The 2020 Modern Family Index, which is published annually by charity Working Families and childcare provider Bright Horizons, reveals that being able to work remotely has increased workloads rather than reduced them.
The Index provides a snapshot into the lives of working families across the UK and received responses from 3,090 working parents, with at least one dependent child aged 18 or younger who lives with them some or all the time.
Despite the fact that many more working parents believe their employer cares about their work-life balance compared to 2015, the survey results suggest that many employers are still ignoring their employees need for fulfilled family lives.
Almost half of the parents polled said that they were able to work from home remotely but this had increased the number of hours they worked.
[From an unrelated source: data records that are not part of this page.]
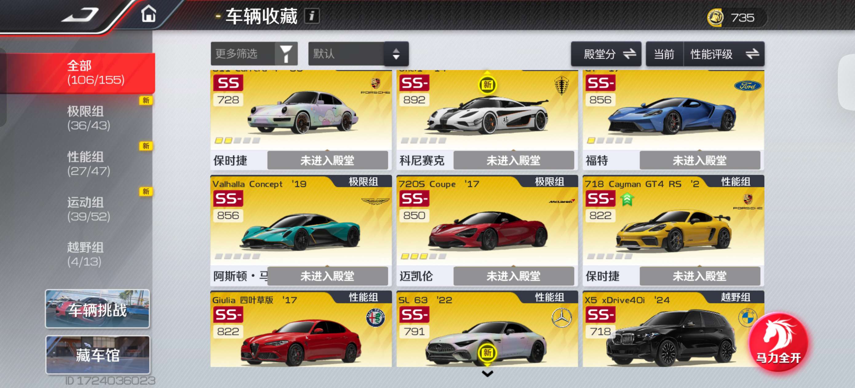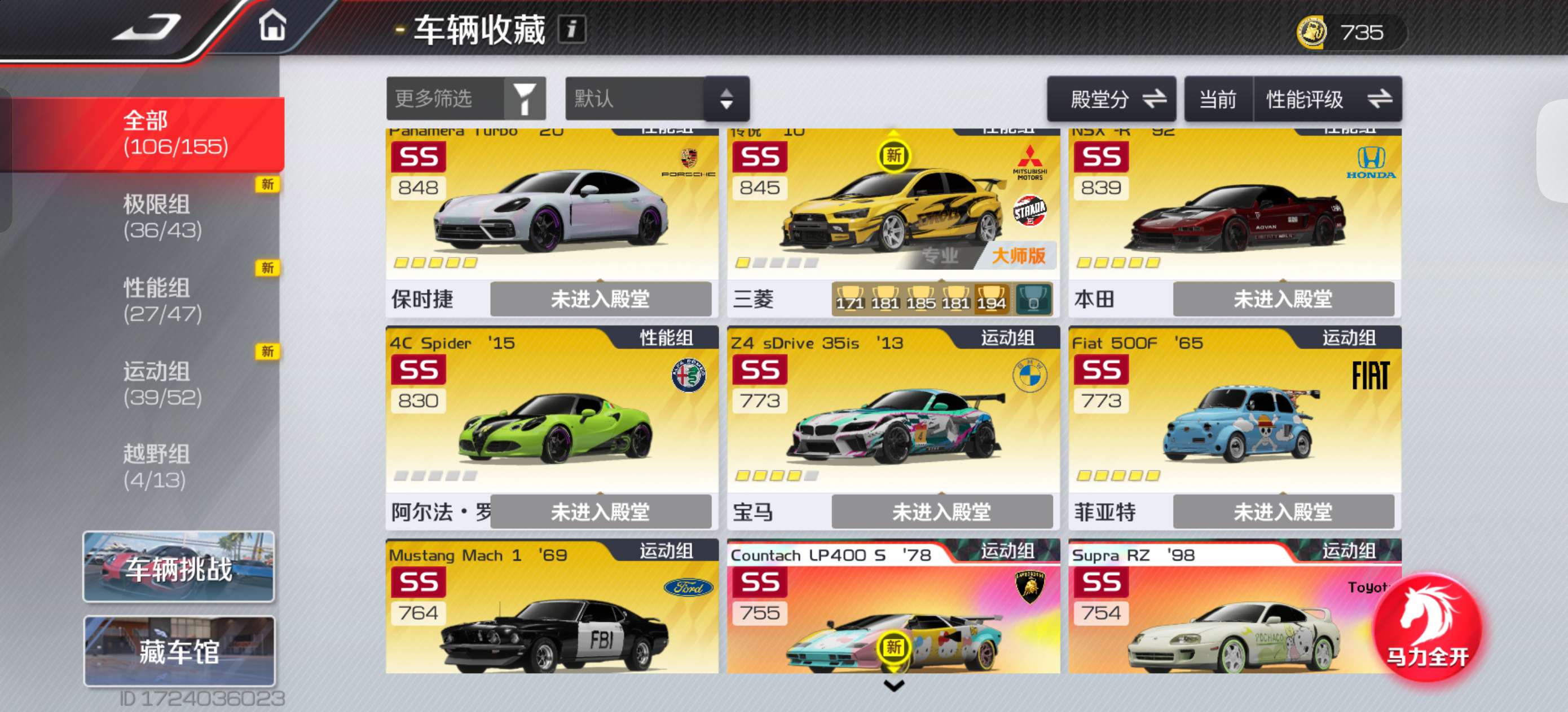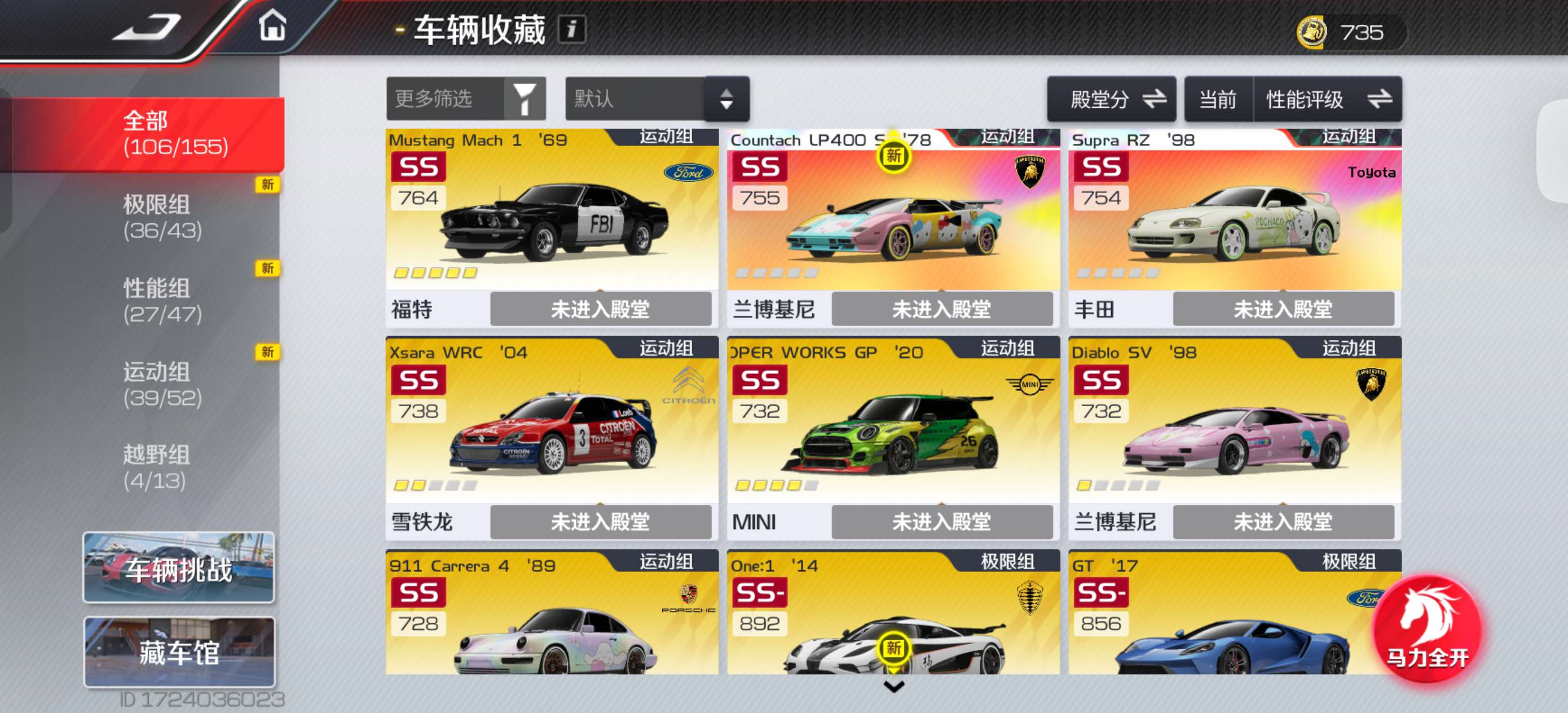 该有的车都有,一些珍藏典藏高阶,拉法4阶,rx7满阶外加满阶双子星和4阶电莲,可上无双
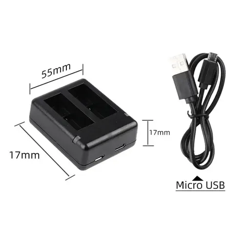 Зарядний пристрій Dual Battery Charger призначений для акумуляторів камер GoPro 9, 10. Має можливість одночасного заряджання відразу 2 акумуляторів GoPro Hero 9, 10 через порт USB від комп'ютера, ноутбука, від домашньої мережі (потрібна вилка-перехідник) або від USB-порту в автомобілі також від переносного POWERBANK. Світлодіодний індикатор, розташований на пристрої, показує стан заряджання (червоний — заряджається/зелений — батарея заряджена). Зарядний має два входи — Micro USB і TYPE-C.
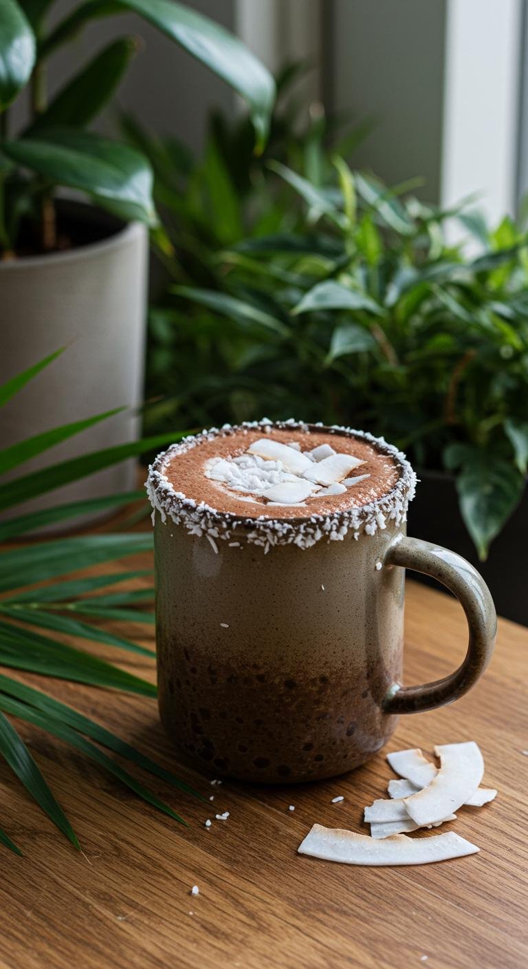 - Serve in a mug topped with shredded coconut.
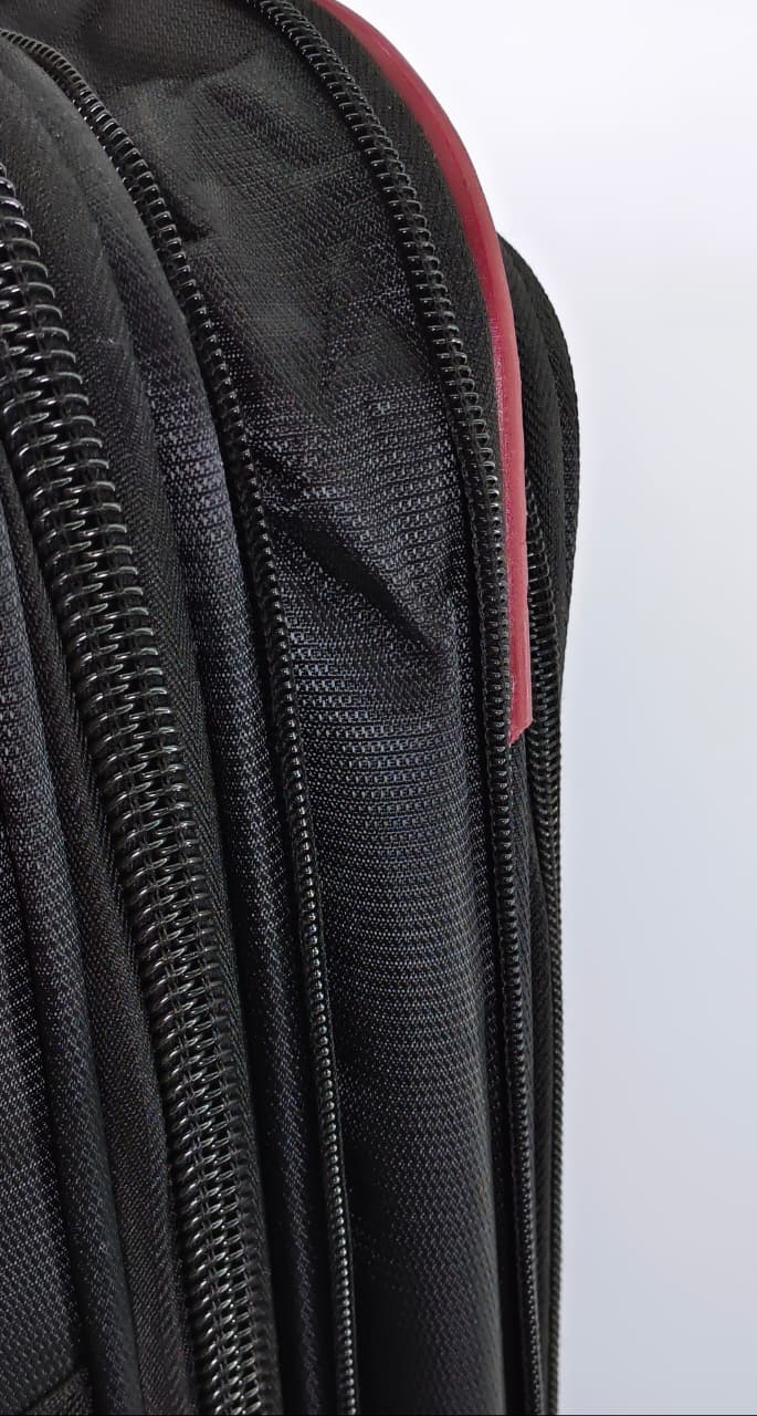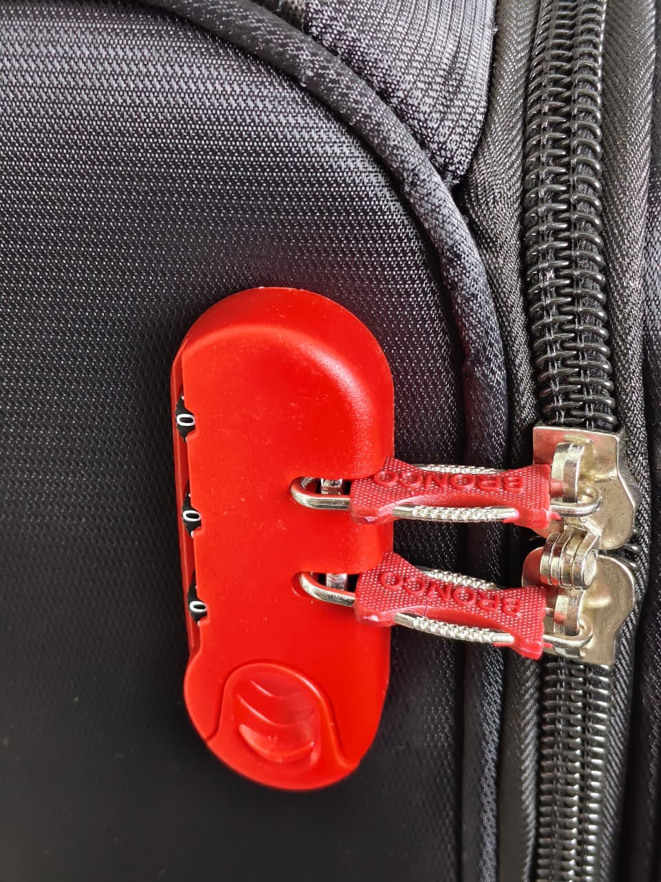 • التصميم: يتميز بنمط “الكاروهات” أو المربعات البيضاء على خلفية سوداء، مع لمسات باللون الفوشيا أو الأحمر الصارخ في المقبض، السحابات، والعجلات، مما يسهل تمييزها على سير الحقائب في المطار.
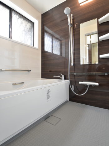 ウォールナット調のアクセントパネルがきれいです。洗い場のカウンターは コンパクトなものにして、広く使えるようにしました。
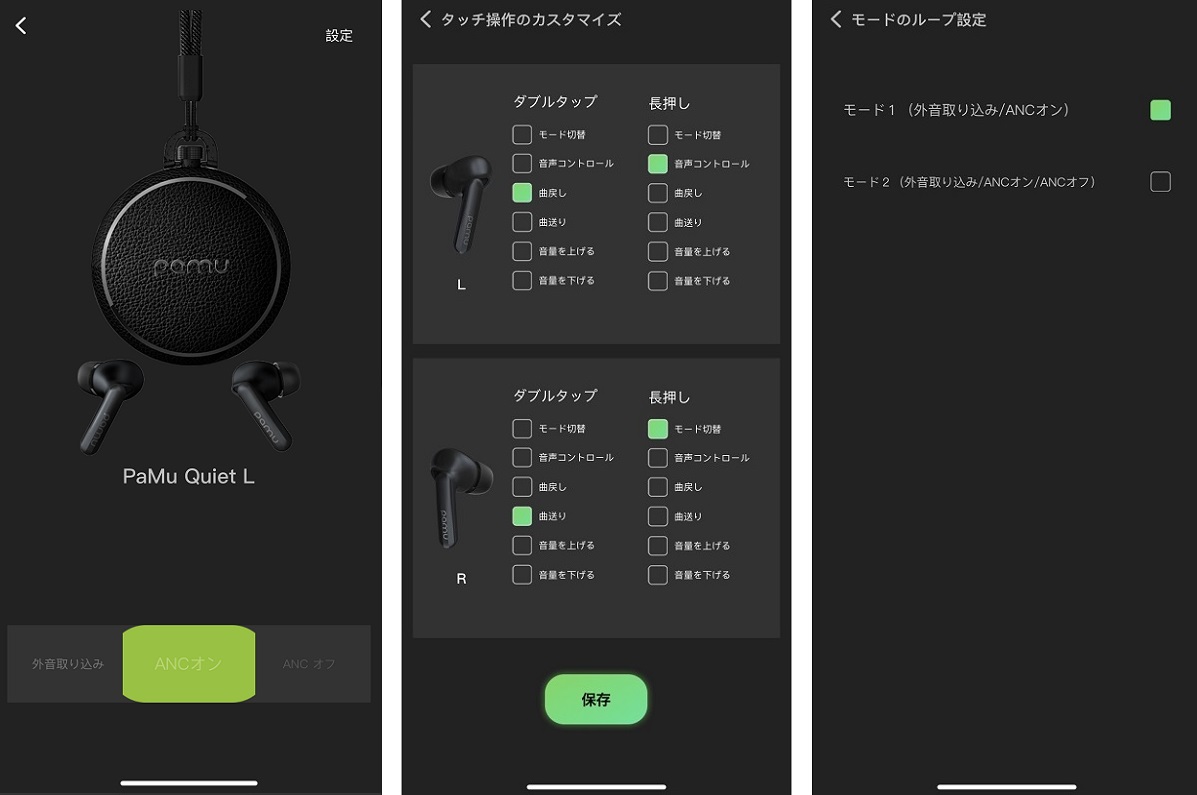 PaMu QuietにはAndroid/iOS用アプリが用意されており、アプリから様々な設定が可能。例えば、ノイズキャンセリング機能の切り替えは、デフォルトだと「ノイズキャンセリングモード」⇔「外音取り込みモード」ですが、アプリ上からは「ノイズキャンセリングON」「ノイズキャンセリングOFF」「外音取り込みモード」の3つから選択可能。このほか、イヤホンタッチ時の操作も自由にカスタマイズできます。将来的には、イヤホンのアップデートもアプリから行えるようになるので、PaMu Quietユーザーなら絶対ダウンロードしておきたいところ。
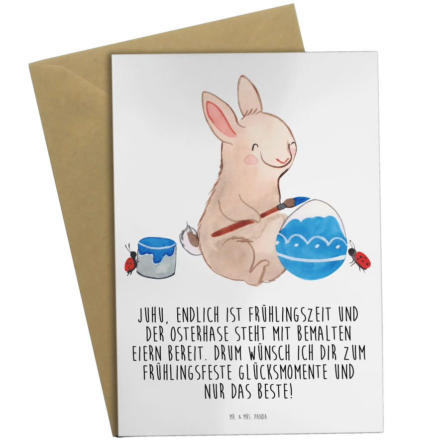Welcome the vibrant joy of spring with this heartwarming motif of our spirited Easter bunny painting lovely eggs, with delightful ladybugs assisting him in their tiny, cheerful ways. This image encapsulates the essence of renewal and togetherness, perfectly summed up in the saying, 'Juhu, endlich ist Frühlingszeit und der Osterhase steht mit bemalten Eiern bereit. Drum wünsch ich dir zum Frühlingsfeste Glücksmomente und nur das Beste!' Embrace the joy that Easter brings as we gather for fun picnics, share laughter, and indulge in the favorite tradition of egg painting. From colorful eggs to the cheerful buzz of ladybugs, this motif inspires us to celebrate the precious moments in life, reminding us to cherish each tick of the clock spent with our loved ones. Dive into the spirit of spring and let it guide you toward happiness and connection every day.
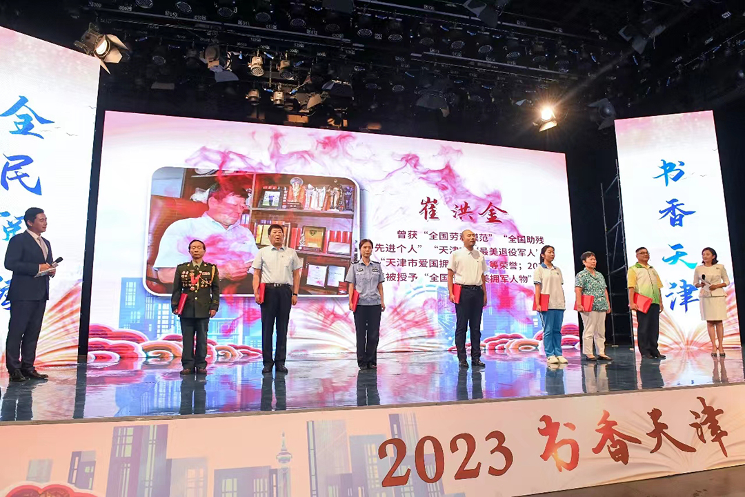 活动由创意节目《千里江山图》拉开序幕,通过“奋进·天津”“乡土·天津”“科普·天津 ”“人文·天津”四个篇章,呈现书香天津·全民阅读成果。在“奋进·天津”篇章中,2023年被授予“全国十大最美拥军人物”的崔洪金董事长与其他嘉宾一起分别讲述了自己关于阅读的理解。
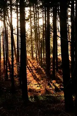 When first planted, the Scots pine was the main species grown. However gradually the Corsican pine has been planted instead due to its increased resistance to fungal attack and insect pests. A variety of other species have been planted but have been less commercially successful. Hardwood trees are used in belts beside roads in part to act as fire breaks; these include oak, beech, lime, walnut, red oak, and maple.
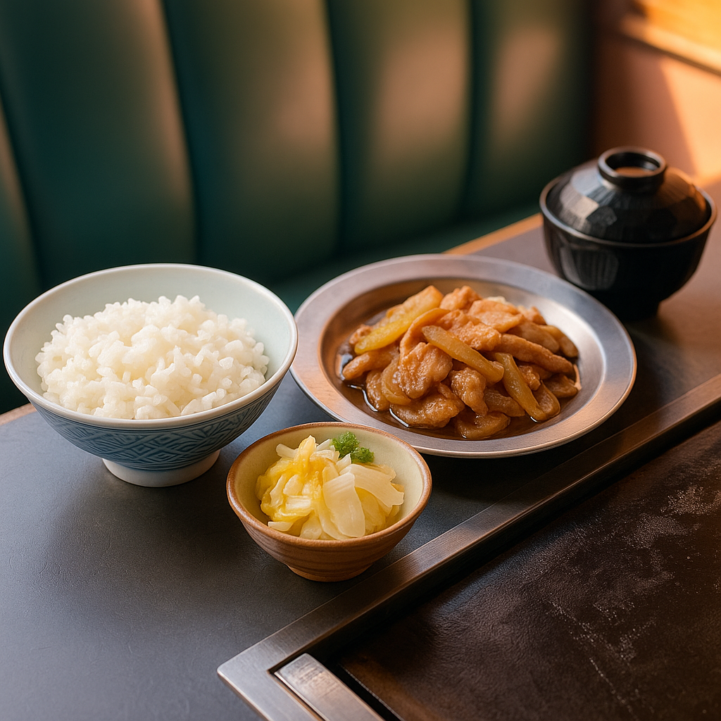 - 内容:豚の生姜焼き + ご飯 + 味噌汁 + サラダ
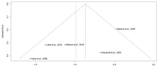 A sensitivity analysis was conducted sequentially excluding each individual study to evaluate their impact on the combined effect size. The findings indicated that the overall effect size remained relatively stable with individual study effect sizes varying between SMD = −0.7633 and −1.1805. This consistency supports the robustness and dependability of the meta-analysis results.
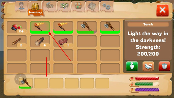 1、管理物品栏,使用火把在黑暗中照明,保障探索安全,开启探索之旅。
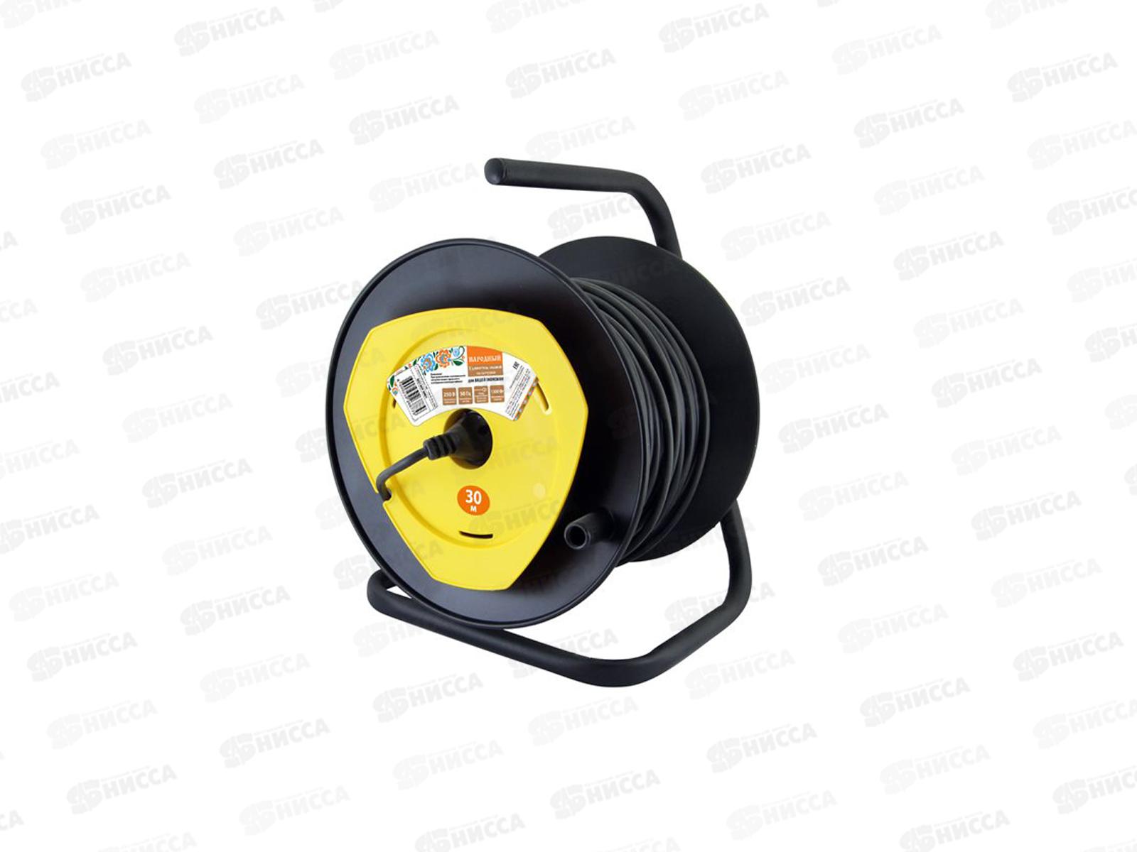 Код:408036; Удлинитель на катушке Народный 1розетка 30м ПВС 1300Вт без заземления, 0402
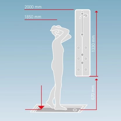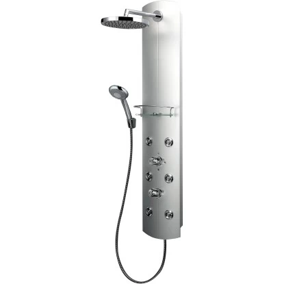 Der Dusch Master besitzt ein +38 °C Sicherheits-Thermostat sowie eine elegante Tellerkopfbrause. Der Korpus besteht aus Aluminium. Die Massagedüsen sind justierbar. Die Handbrause mit 3 Strahlarten lässt sich leicht reinigen.

Many reported that they have to check emails outside of working hours, which has a negative impact on family life.
Respondents represented a range of household incomes and family structures, equally distributed between the regions and nations of the UK apart from Scotland, where the sample size was deliberately increased to 507 parents.
The median household income for couple families was £38,000. For single parents it was £20,000.
This year's research has been released to coincide with the Government’s plans to legislate to improve support for working families, following its commitments in December’s Queen’s Speech.
Key findings from the Index, based on the survey of working parents, include:
- 48 of all parents able to work remotely reported that doing so had probably increased the hours they work.
- 60 per cent of parents working extra hours said that doing so was the only way to deal with their workload. More than half said working extra hours is part of their company’s culture.
- 44 per cent feel compelled to dip into work in the evenings, such as checking e-mails
- 47 per cent believe that technology has ‘blurred the boundaries’ between work and home.
- Parents in ‘work mode’ at home complain of negative impacts on children and relationships.
- More than a third have faked illness to meet family obligations.